Have a fish, egg, or chicken allergy? Multi-source blends may include one or more of those inputs, so pick a single-source option that avoids your trigger. If you’re pregnant, nursing, taking medication, or preparing for surgery, talk with your clinician first. That advice applies to any supplement, not just collagen.

How To Choose A Bag Confidently

Check The Sources And Types

Scan the Supplement Facts and ingredient list for source animals and collagen types. Multi-source blends often list bovine, chicken, marine, and eggshell membrane, with types I/II/III/V/X most common. The Canada page details a similar approach.

Match The Serving To Your Goal

If you want a gentle addition, one scoop does the trick. Targeting the brand’s full serving of peptides? Two scoops reaches ~20 g collagen and the vitamin C shown on the label.

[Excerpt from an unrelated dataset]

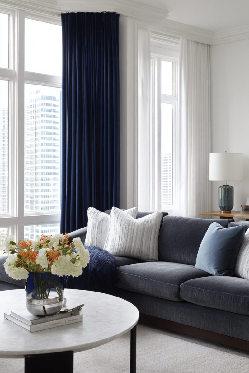 Navy blue curtains create a sophisticated anchor in a room with white walls and a gray sofa.

Look For Clear Claims And Disclaimers

Responsible brands keep claims to structure/function territory and include the FDA-required disclaimer. That’s a good sign you’re reading honest marketing rather than disease claims. You can read how those rules work in the FDA structure/function overview.

Bottom Line For Daily Use

If you want a neutral, mix-anywhere collagen with vitamin C built in, this Pure bag is easy to live with. One scoop in coffee in the morning, another in a smoothie later if you like. Keep complete proteins on your plate, give it a few months, and track how your skin, nails, and joints feel while you move through normal life. The brand’s serving guidance, third-party database numbers, and current evidence base all point to a steady, consistent approach rather than quick drama.